Tibetan teacher secretly released after eight months in prison

Tibetan teacher Rinchen Kyi when she was arrested by the Chinese authorities and an undated photo of her. Image: Free Tibet.

 DHARAMSALA, 26 April: A Tibetan Teacher from a school in Golok, Eastern Tibet has been released by Chinese authorities eight months after her arrest, the London-based advocacy group Free Tibet said.

“Rinchen Kyi was secretly returned home by police at 8 pm local time on Sunday 24 April,” the advocacy group said citing its research partner, Tibet Watch.

The teacher from Singdruk Taktse private school was arrested on 1st August 2021 apparently on charges of ‘separatism’ a month after the Chinese authorities abruptly closed the school.

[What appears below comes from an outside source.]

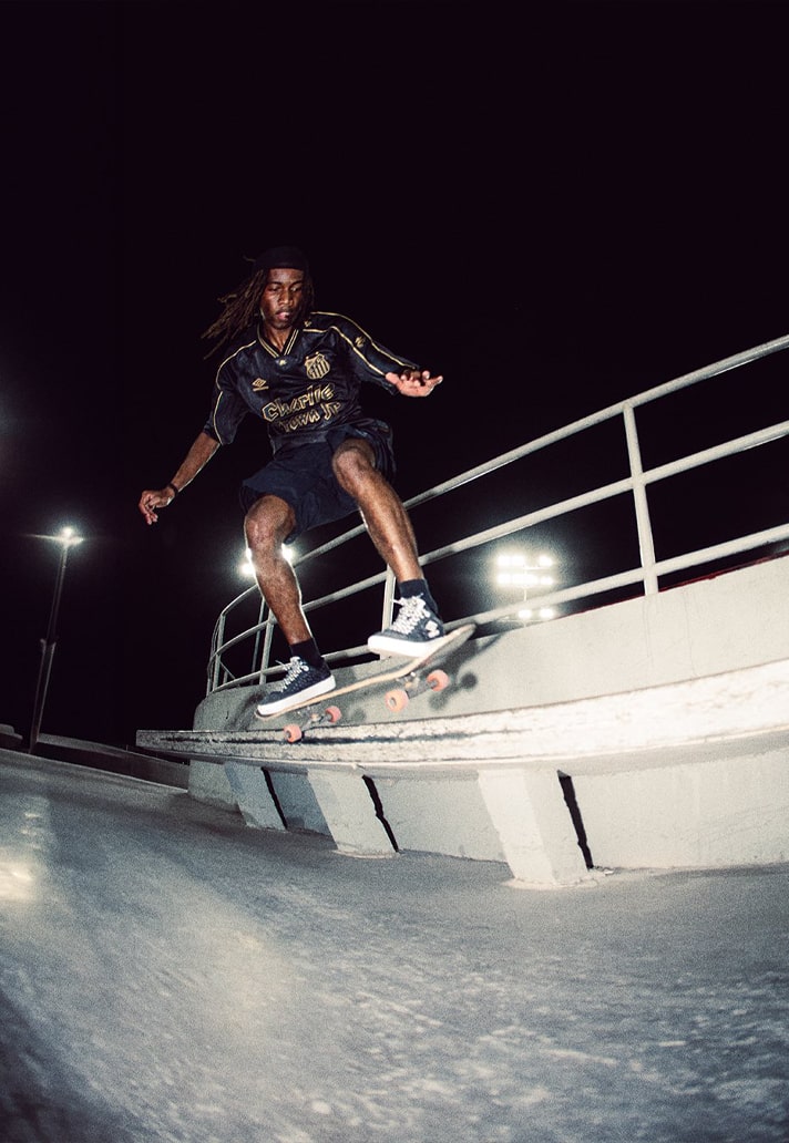 Further design details include the band’s skateboarder graphic incorporated into the Santos crest, as well as sitting beneath the retro v-neck collar and subtly featuring between the pinstripes of the jersey.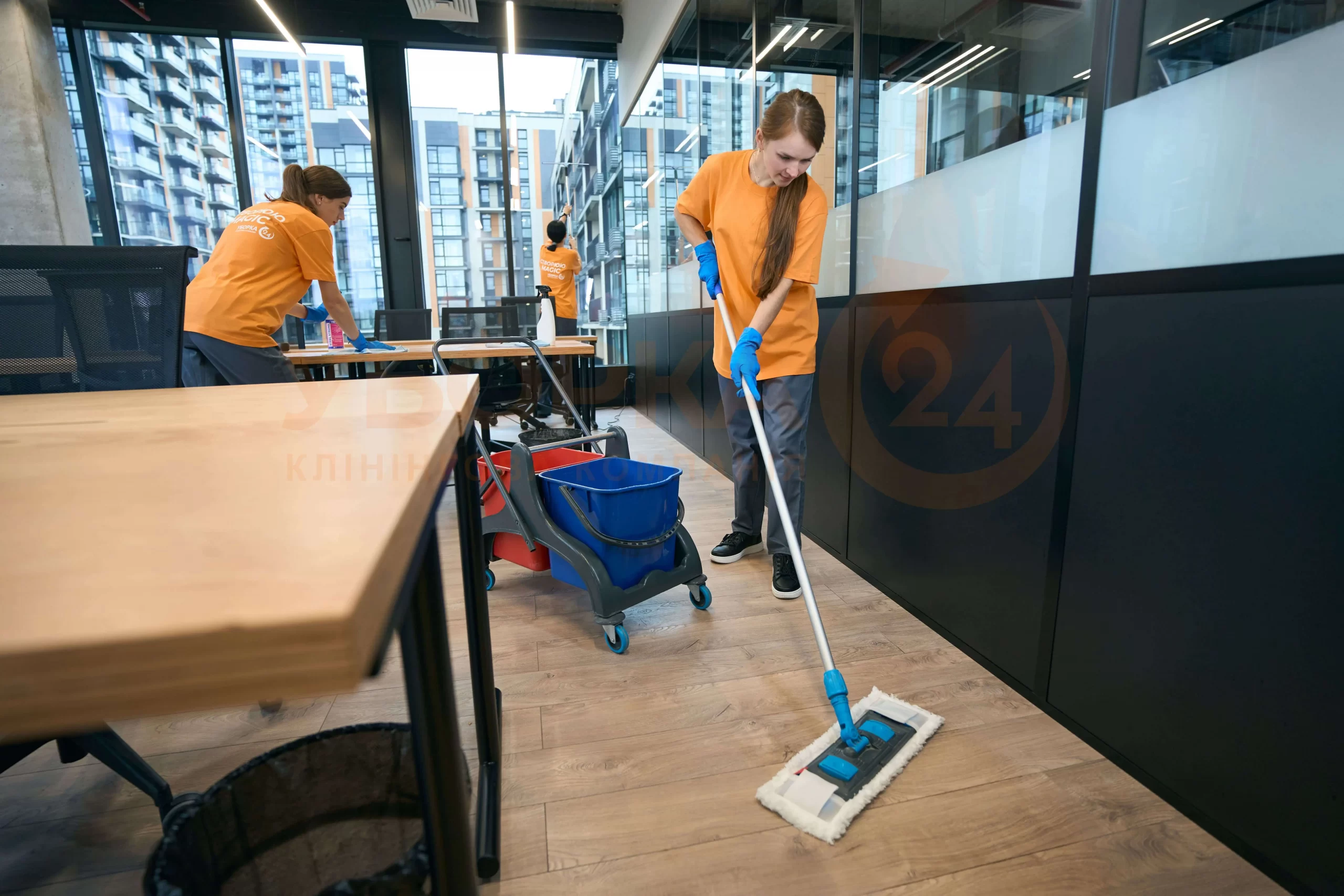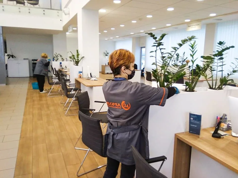 До переліку робіт входить прибирання робочих зон, санвузлів, місць загального користування, сходових клітин, а також винос сміття й дезінфекція поверхонь.

Just as the Chinese authorities kept her whereabouts and well-being secret after her release, her health condition after her release from the Chinese prison also remains unknown. 

Though China has consistently had a conviction rate of over 99 per cent and releases of Tibetan political detainees are particularly rare, she was released “after eight months in detention” following “a vocal international campaign for her freedom in which thousands took part,” the report added.

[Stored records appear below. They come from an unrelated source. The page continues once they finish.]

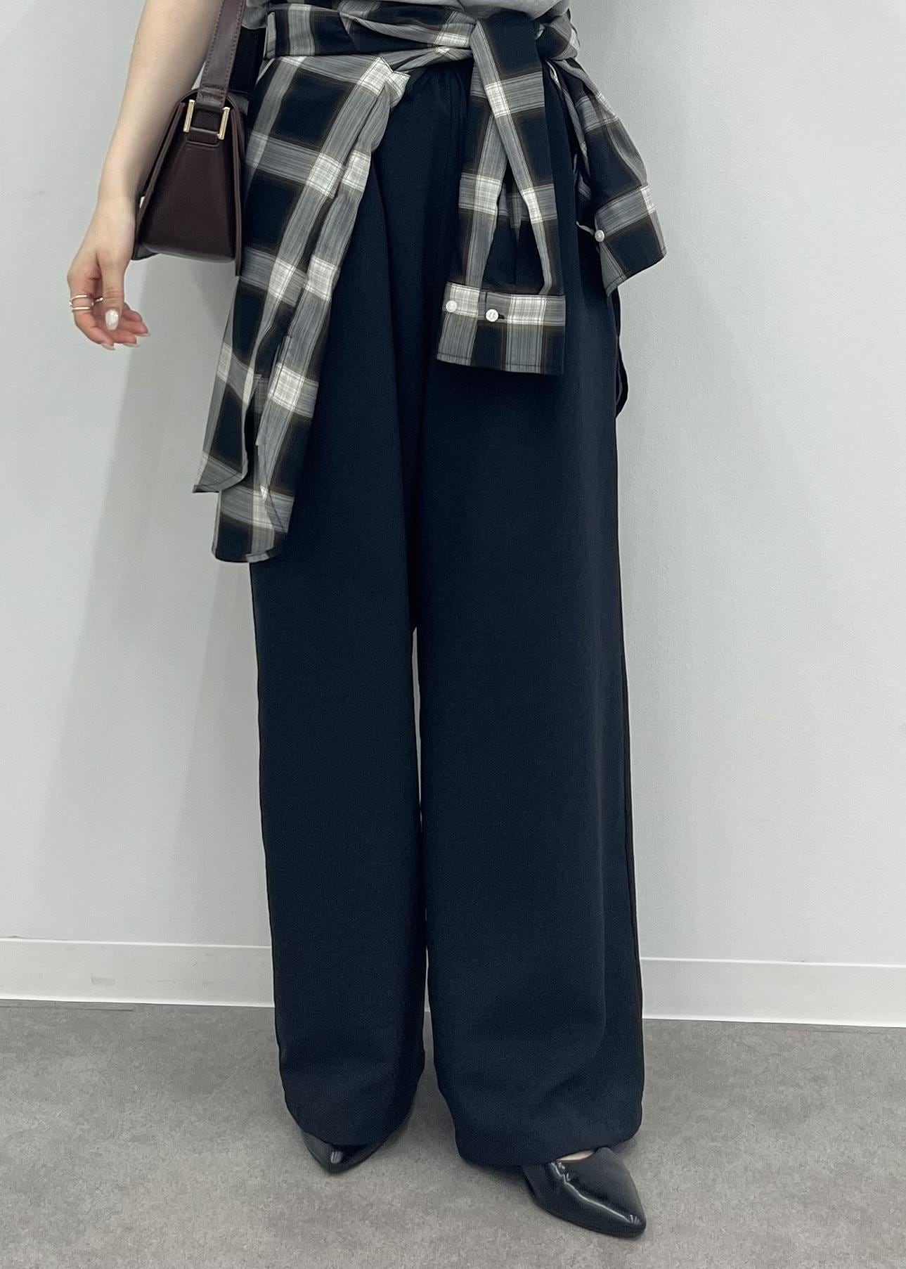 ワイドパンツですが落ち感があるのでフレアなトップスにもバランスよく合わせられます。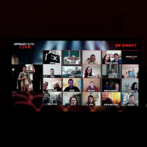 Un spectacle en live-streaming, oui, vous avez bien lu. Je suis tombée sur l’initiative de l’Apollo théâtre à Paris. L’idée est d’assister à des spectacles en direct depuis chez nous ! L’artiste se produit bien sur la scène du théâtre mais, autour de lui, il n’y a personne… Enfin si, il y a des écrans ! Il interagit avec un public virtuel. J’étais curieuse et j’avais envie de me faire ma propre idée sur ce nouveau genre de spectacle. J’ai donc réservé ma place (10€) – ou plutôt mon lien – pour le one-man-show de Naïm. Je ne le connaissais pas avant. Une belle découverte !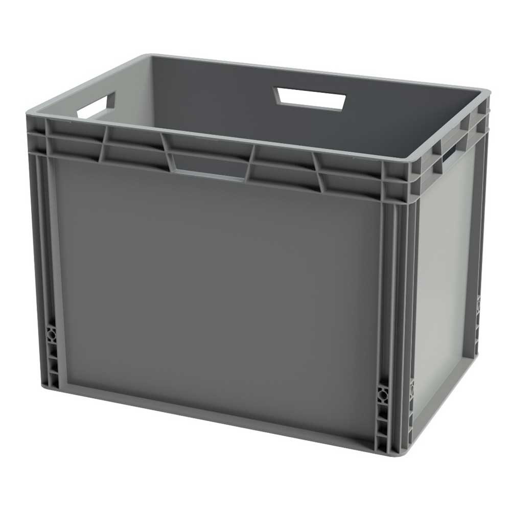 Kasserne er stabelbare, altså kan de stables oven på hinanden indbyrdes samt mellem de forskellige dimensioner og størrelser. De glatte indvendige flader minimerer at snavs samler sig og gør kassen mere hygiejnisk.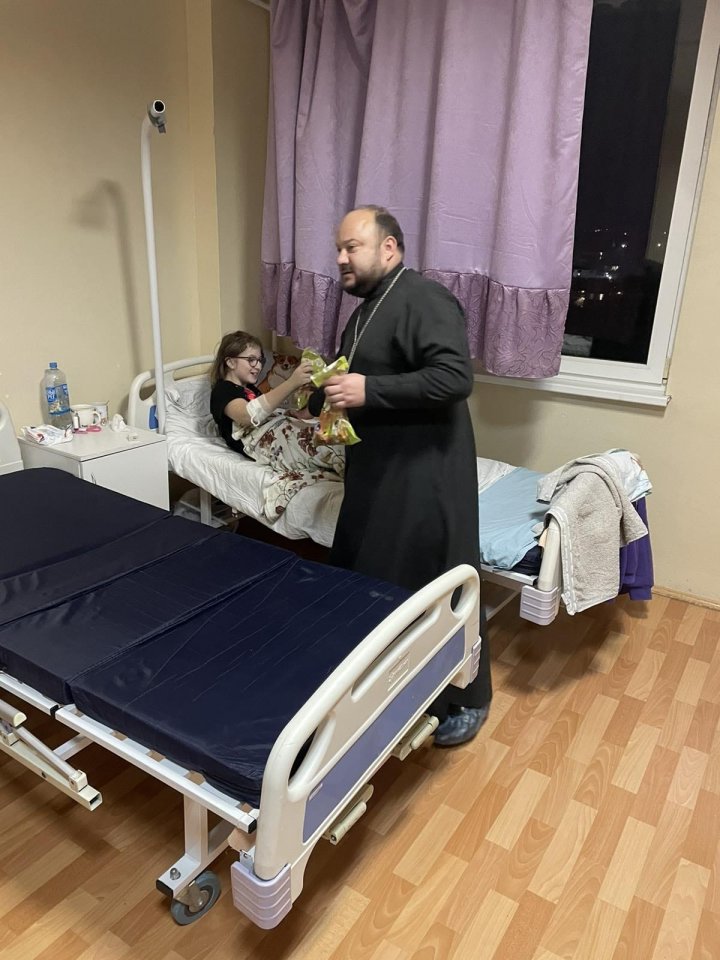 Накануне двунадесятого праздника Рождества Христова настоятель храма святителя Спиридона Тримифунтского иерей Игорь Крылов посетил 76 детей, находящихся на излечении в Детском больничном комплексе 5 км. Отец Игорь прошел по палатам, одаривая детей сладкими подарками, говорил слова ободрения и поздравлял всех со светлым праздником.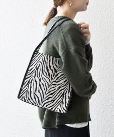 〔ONE SIZE〕SHIPS any: レオパード ゼブラ スクエア トート バッグ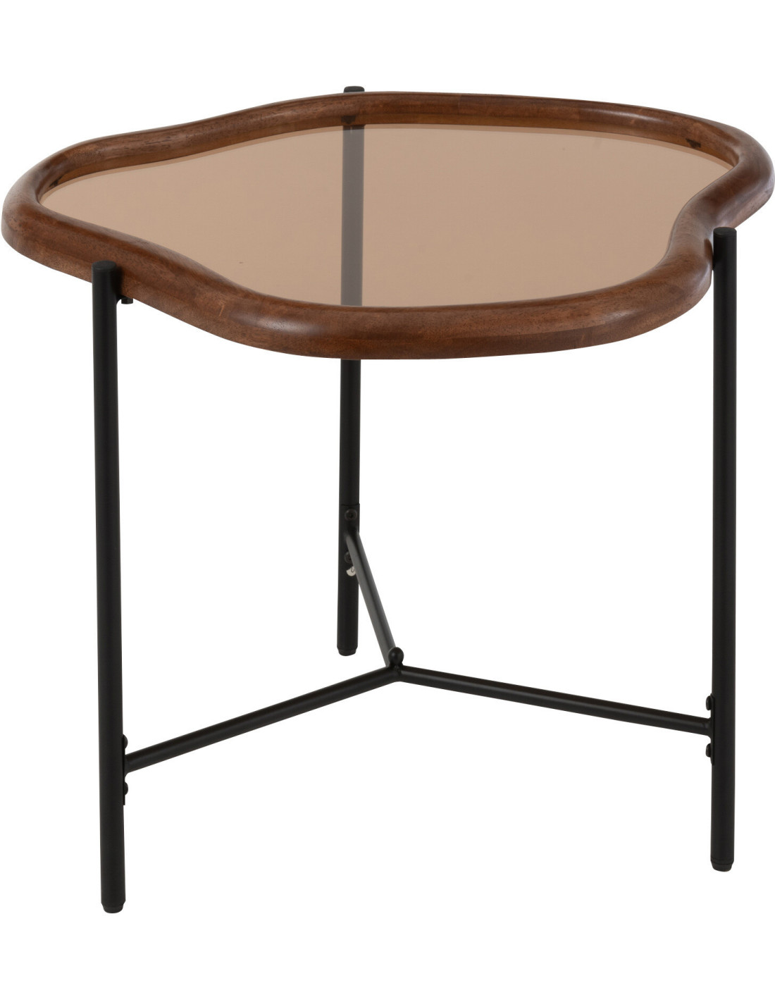 Table basse moderne Organique 64 cm en Bois Marron Verre Ambré Métal Noir Zir - 1

John Jones, Campaigns and Advocacy Manager of the advocacy group has stated in the report that while her “arrest horrified many at the lengths the Chinese Communist Party will go to wipe out Tibet’s language and culture,  her release shows that international pressure can make a real difference to the situation in Tibet.”

“Today we celebrate this win for the Tibetan language, freedom in Tibet and Richen Kyi. We will continue to fight for Tibetan political prisoners until every cell is empty and Tibet is free,” he added.

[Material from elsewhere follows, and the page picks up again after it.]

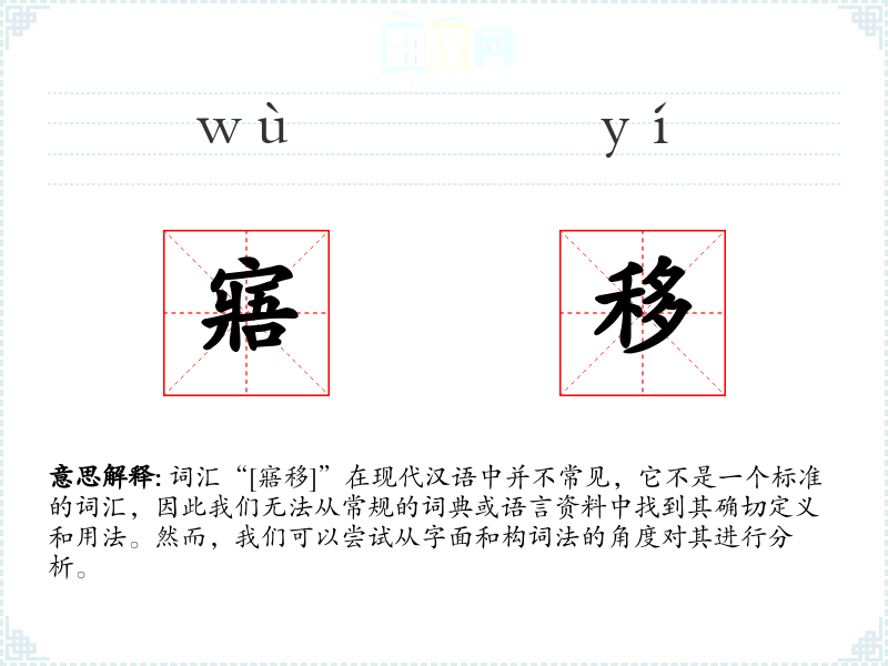 词汇“[寤移]”在现代汉语中并不常见,它不是一个标准的词汇,因此我们无法从常规的词典或语言资料中找到其确切定义和用法。然而,我们可以尝试从字面和构词法的角度对其进行分析。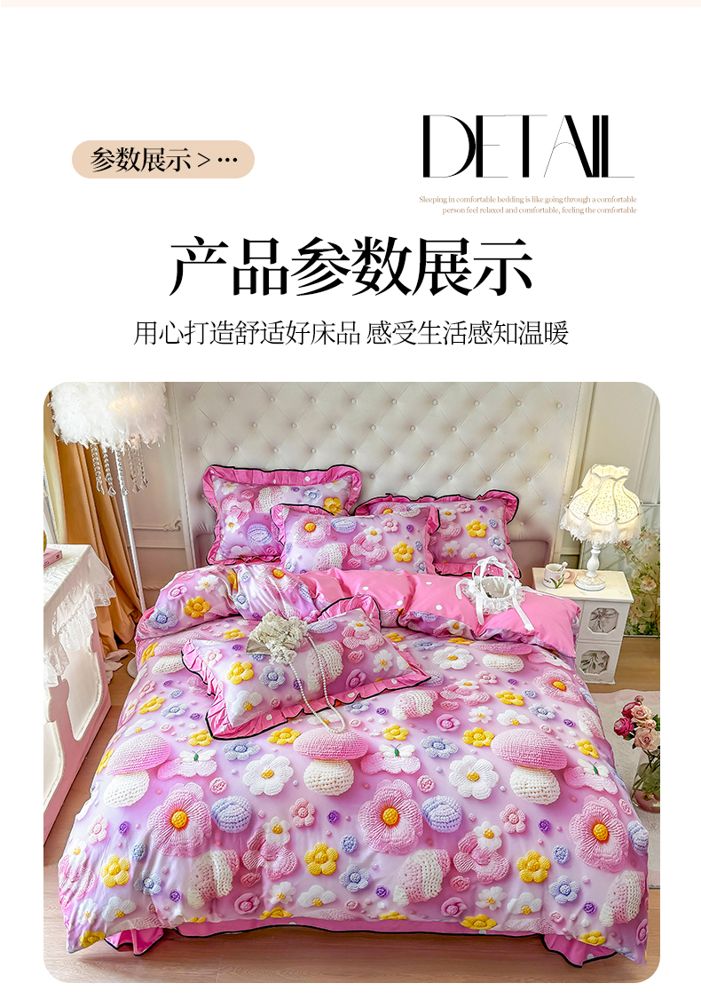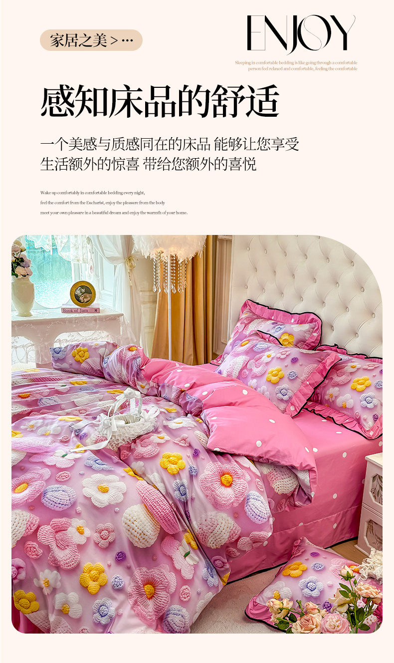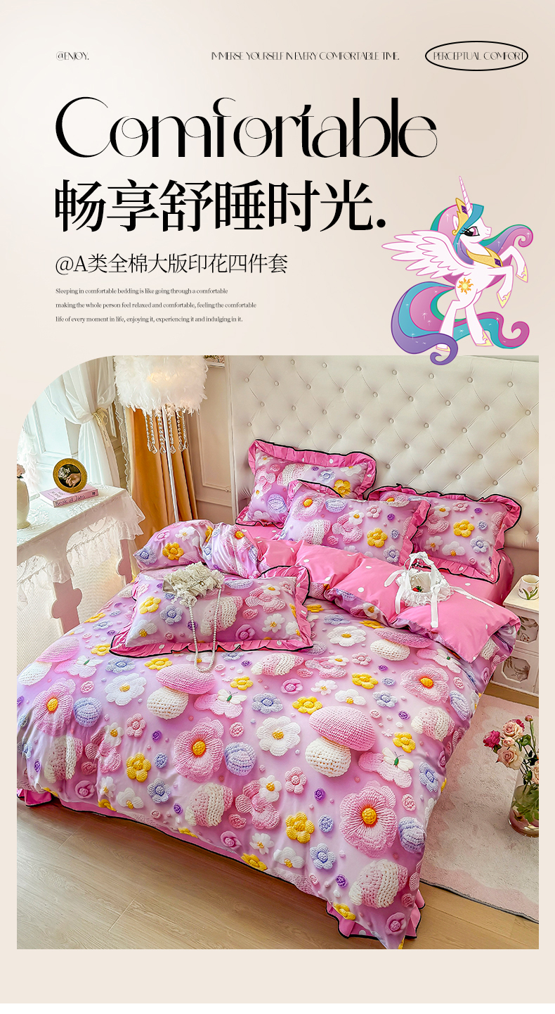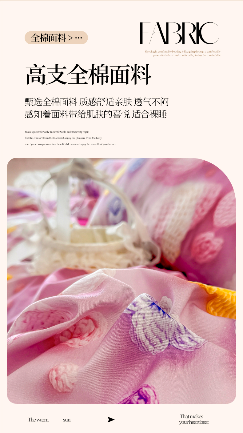 商品名称:馨语家居 2025新款A类全棉3D大版印花四件套 一路生花

Taktse School was apparently forced to shut down by the Chinese authorities on  8 July last year because the school’s primary language of instruction was Tibetan and it taught lessons about Tibet’s culture, the report said and added that “the Chinese government has imposed increasingly tight restrictions on the Tibetan language and Tibetan culture as part of a policy of eradicating them.” 

A joint communiqué sent to China by UN experts in February that was made public last week also cautioned China over the “arrest, detention and enforced disappearance” of the Tibetan teacher along with Tibetan writer Mr Lobsang Lhundup (pen name of Dhi Lhaden), musician Mr Lhundrup Drakpa, “allegedly in connection with their cultural activities in favour of the Tibetan minority language and culture.”

Additionally, the UN experts have urged China to respond to the communiqué  within 60 days and further urged China “to take all necessary measures to guarantee that the rights and freedoms of Mr Lobsang Lhundup, Mr Lhundrup Drakpa and Ms Rinchen Kyi are respected, and, in particular, to prevent any irreparable damage to their life and personal integrity.”